I still use old.reddit and it’s pretty much been the exact same except for a few ads that RES takes care of anyway.
Definitely agree with the AMAs. That’s not going to change no matter the platform however and not exclusive to Reddit.
I still use old.reddit and it’s pretty much been the exact same
15 years ago there was no karma system. 15 years ago there was no Reddit rewards like Gold. Neither of those two things are related to old.reddit.com but they both had major impacts on the website but yeah, sure, “Nothing has changed in 15 years.”.
Karma has been on Reddit since I created my account. In fact, it’s been part of Reddit almost from the very start. How did you come by your information?
As for Reddit gold, it was introduced in 2010. But what relevance does gold have to content? It seems pointless and neither adds nor detracts from the anything other than people’s bank accounts.
How did you come by your information?
I should have specified Comment Karma. You’re correct that Post Karma has existed from Day 1.
Bringing in Comment Karma had a downside, it fed the trolls. You can see in this post here, from about 9 years ago, when Reddit had finally had enough of negative karma trolls (people trying to get the lowest comment karma possible) and stopped tallying it after a certain point.
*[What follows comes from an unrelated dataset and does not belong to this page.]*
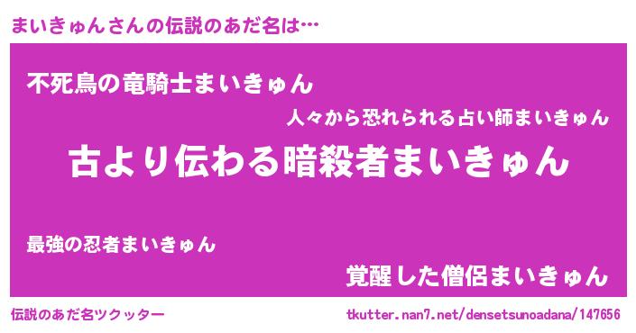 | 胡散臭い通販商品みたいなあだ名 | 『来世でも幸せになれる健康食品…その名も「まいきゅん」』 |

Things sometimes get a bit blurry for me after all these years. I’d been on there so long I remember when Reddit added the ability for users to create sub-reddits!
But what relevance does gold have to content?
Reddit Rewards, like Gold, provided a visibility boost to both Posts and Comments. The_Donald famously abused this to keep the Reddit front page full of MAGA content. It eventually got so bad that Reddit Inc had to introduce emergency FP content filtering, something they’d resisted doing for years, while they rejiggered the algorithm in order to stop it. It was subsequently abused on comments all over reddit to keep something visible that otherwise would have been auto-collapsed due to downvotes. It was famously abused again because it was possible to send messages to someone, even someone who had blocked you, if you sent them a Reddit Reward.
Speaking of changes there’s another one. User blocking. Reddit didn’t have that 15 years ago either.
Reddit was a long and wild ride and a lot of things changed after I showed up in April of 2008.